Дух отрица нья, дух сомненья,

 

то это, бесспорно, не прозвучит для аудитории как нечто абсурдное. На рисунок пауз лексических накладывается рисунок пауз ритмических. При этом, если, говоря о ямбе, мы обозначим неударный слог как 0, а ударный как 1, то ямбический (4-стопный с мужским окончанием) скелет ритма будет выглядеть так:

 

 0,± 1, 0,± 1, 0,±1, 0,±1, [0]

 

{Введённый здесь способ представления метра нельзя считать удачным; он не удержался}

Подобная схема охватит все комбинации ямбов и пиррихиев, и именно она отражает ритмическую реальность [Если учитывать возможность спондеев, которые следует рассматривать как нереализованные неударные слоги, то придется ввести знак ±0].
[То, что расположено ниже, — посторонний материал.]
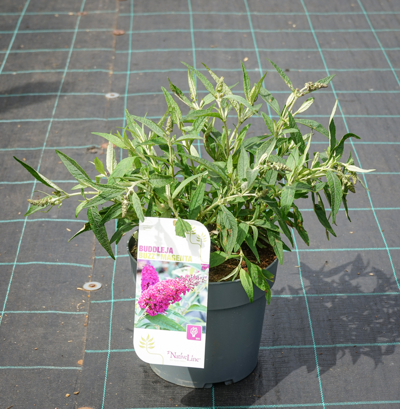 BUZZ™ MAGENTA je další kompaktní komule ze série BUZZ™, u které bych měl snad jedinou výtku, a to vůči názvu: magenta znamená fuchsiová, tj. sytě purpurově růžová, ale tato odrůda je sytě fialová a fuchsiový má jen nádech. Drobné, trubkovité květy mají oranžové hrdlo a jsou složené do bohatých květenství o délce 20-25 cm, vykvétají od konce června až do září a slastně voní. Mohou připomínat i šeřík, proto se keři někdy také přezdívá letní šeřík, i když toto jméno je zavádějící, neboť se používá pro lagerstrémii.
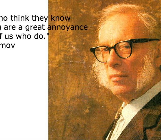 "People who think they know everything are a great annoyance to those of us who do."-Isaac Asimov (born on this date in 1920)

Но раздробление стиха не заканчивается на уровне слога. Как мы увидим из дальнейшего изложения, звуковая организация стиха довершает размельчение словесных единств на отдельные фонемы. Таким образом, может показаться, что сумма структурных граней стиха раздробляет составляющие стих слова на фонологические единицы, превращает стих в звукоряд. Но в том-то и дело, что все это представляет собой только одну сторону процесса, которая существует лишь в единстве с противонаправленной ей второй.

Специфика структуры стиха состоит, в частности, в следующем: поток речевых сигналов, будучи раздроблен на фонологически элементарные частицы, не утрачивает связи с лексическим значением; слова уничтожаются и не уничтожаются в одно и то же время.

Любое расчленение стиха не приводит к разрушению составляющих его слов. Разнообразные ритмические границы накладываются на слово, дробят его, но не раздробляют. Слово оказывается раздробленным на единицы и вновь сложенным из этих единиц. В стихе:

 

Я утром должен быть уверен —

 

пауза после первого “у” больше, чем перед ним. Реально произносится

 

Яу тром

 

Но никто никогда не ошибется в делении этого текста на лексические единицы. Опасения А.Крученых, что “сдвиги” затемняют значение, были явно лишены оснований. Он отыскивал “иканье и за-ик-анье Евгения Онегина”:

 

И к шутке с желчью пополам…

И кучера вокруг огней…

 

(Сравни: и кущи роз Лермонтов — икущи, по образцу “идущий”) [500 новых острот и каламбуров Пушкина, собрал А.Крученых, М., 1924, с. 30–31]. Или “Икра á lа Онегин

 

Партер и кресла, все кипит…

И край отцов и заточенья…

Пером и красками слегка…

И крыльями трещит и машет…

И круг товарищей презренных…”

[Там же, с. 31].

 

Но именно эти примеры лучше всего убеждают в незыблемости лексических границ внутри стиха.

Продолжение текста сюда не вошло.